Vous savez comment il avoit allé de lui jadis et du comte Gaston de Foix, quand il envoya en Béarn devers le dit le comte si notables personnes que le comte de Sancerre, le vicomte d’Ascy, le seigneur de la Rivière et messire Guillaume de la Trémoille traiter du mariage madamoiselle Jeanne de Boulogne, laquelle le comte de Foix avoit en garde et nourrisson. Le comte de Foix entendit bien aux traiteurs et au mariage, mais sa réponse fut telle, que jà le duc de Berry ne l’auroit à femme ni autrement, si n’avoit payé trente mille francs pour la garde et nourrisson de la jeune fille de Boulogne. Le duc les paya, car il vouloit avoir la dame : or lui en souvint-il quand il fut temps et heure ; et manda messire Roger d’Espaigne et messire Espaing de Lion en sa chambre à Tours, et se fit là enclore entre eux trois, et leur dit : « Si vous voulez venir à bonne conclusion de vos procès, vous y viendrez, mais avant il me convient ravoir trente mille francs, lesquels mes gens payèrent un jour et mirent outre au comte de Foix, avant que je pusse avoir ma femme. Toujours a été l’imagination de moi telle que, si je survivois le comte de Foix, ils me retourneroient. » Les deux chevaliers, quand ils eurent ouï le duc de Berry ainsi parler, regardèrent l’un l’autre sans mot sonner. Donc dit le duc : « Beaux seigneurs, pour vérité dire et remontrer, je vous ai tollu la parole, conseillez-vous et parlez ensemble ; car sans ce traité faire du tout à ma volonté, le vôtre ne se passera jà. Je me fais fort de beau-frère de Bourgogne, il en fera à ma volonté ; il a en gouvernement les marches de Picardie et je les marches de Languedoc. Au-dessous de moi, ni contre ma volonté nul ne parlera ni contredira ; et ce vicomte de Chastelbon trouve et trouvera argent assez, car le comte mort en avoit plus assemblé que le roi n’en a en trésor. »

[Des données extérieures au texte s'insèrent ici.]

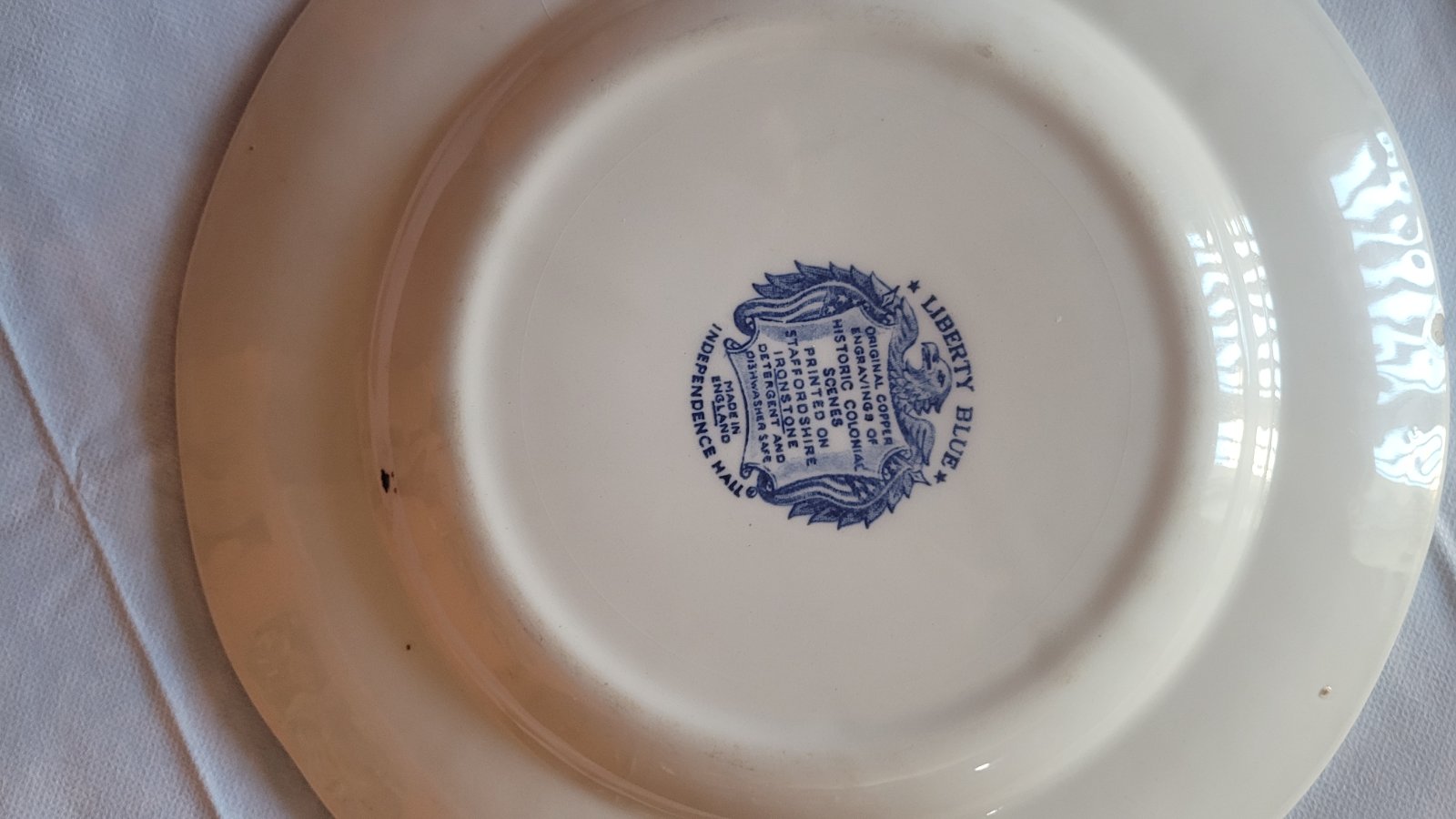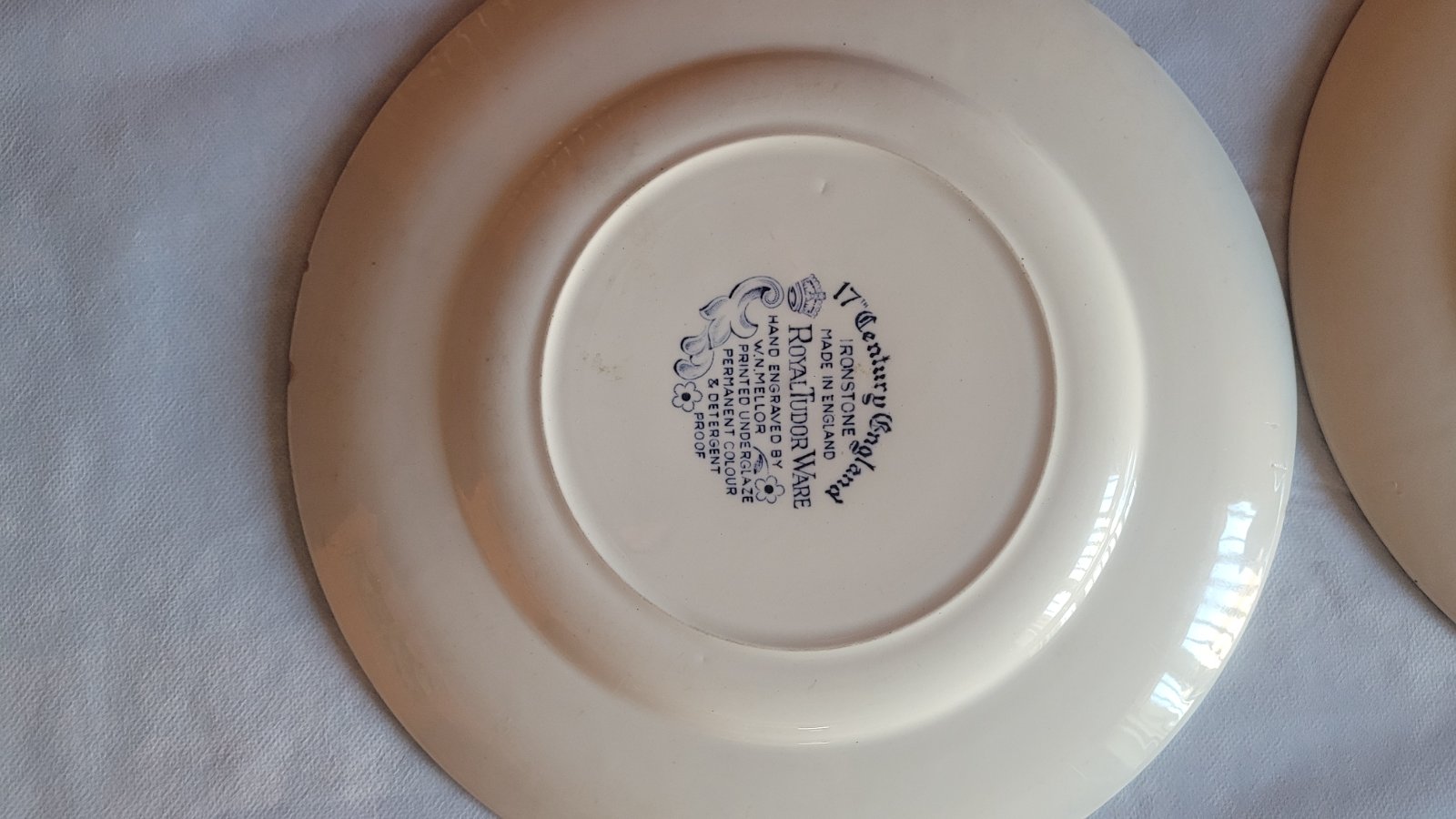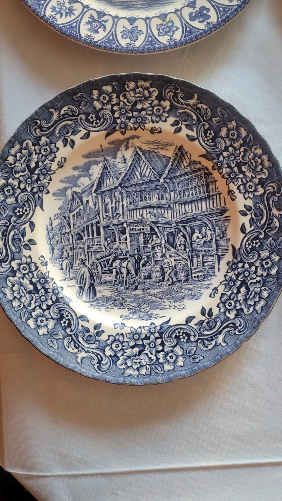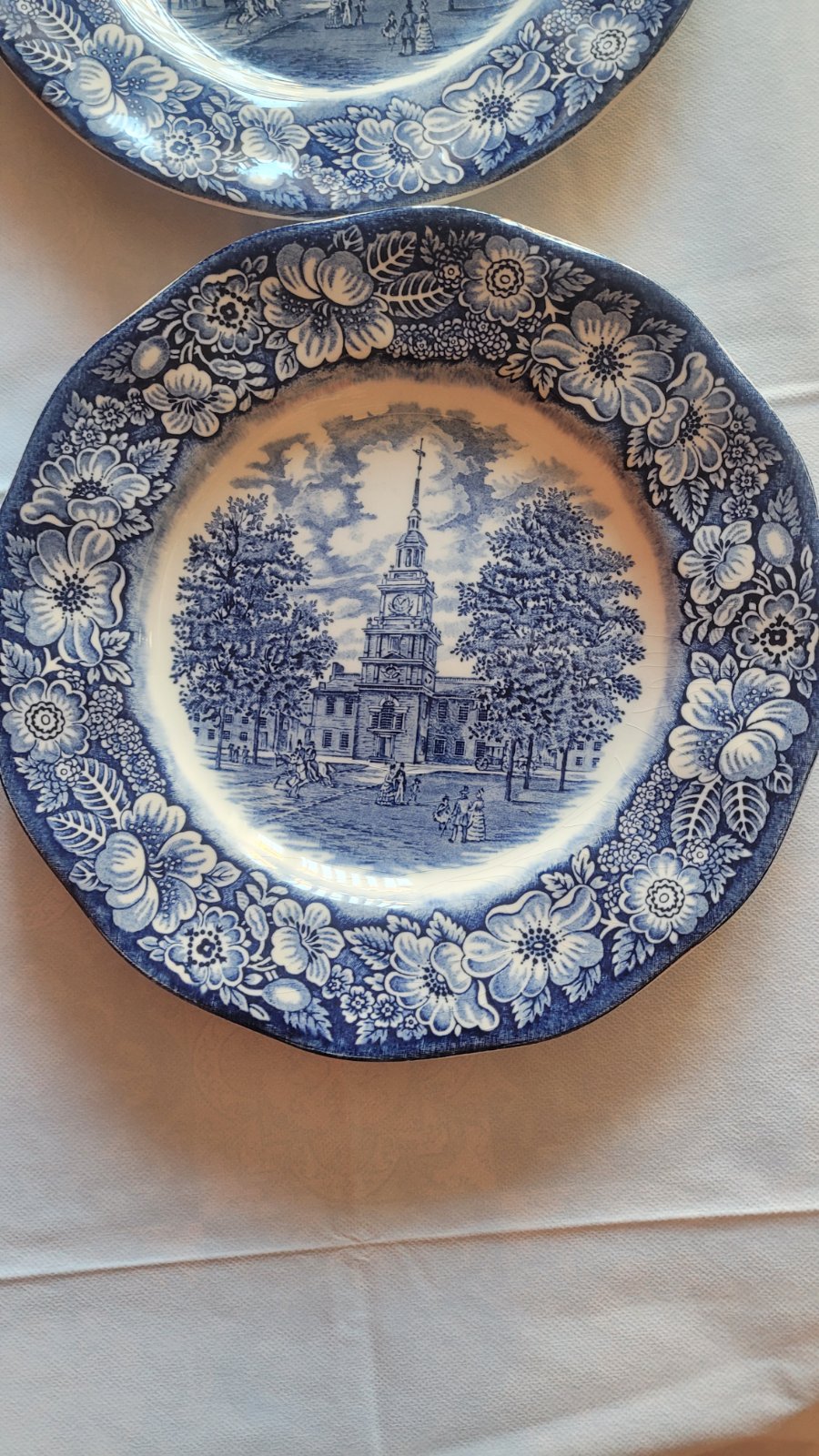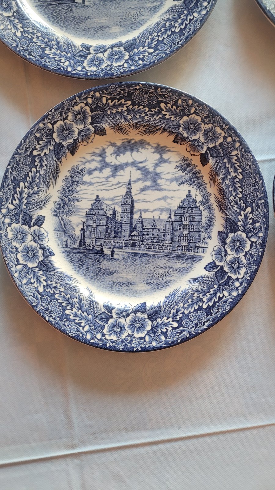 Predám 9 kusov anglických modrých tanierov, 8 kusov priemer 25 cm a 1 kus priemer 22 cm. Vid. obrazok. Cena 8 eur za kus.

Donc parla messire Roger d’Espaigne et dit : « Monseigneur, posé que nous vous voulsissions accorder votre demande, si n’avons-nous pas la mise avec nous. » — « Ha ! répondit le duc, messire Roger, jà pour ce ne demeurera ; vous en ferez la dette sur votre foi et scellé, et je les vous croirai, bien et encore outre s’il vous besogne. » — « Monseigneur, dit le chevalier, grands mercis ! Nous parlerons ensemble et demain vous en répondrons. » — « Il me plaît bien, » dit le duc.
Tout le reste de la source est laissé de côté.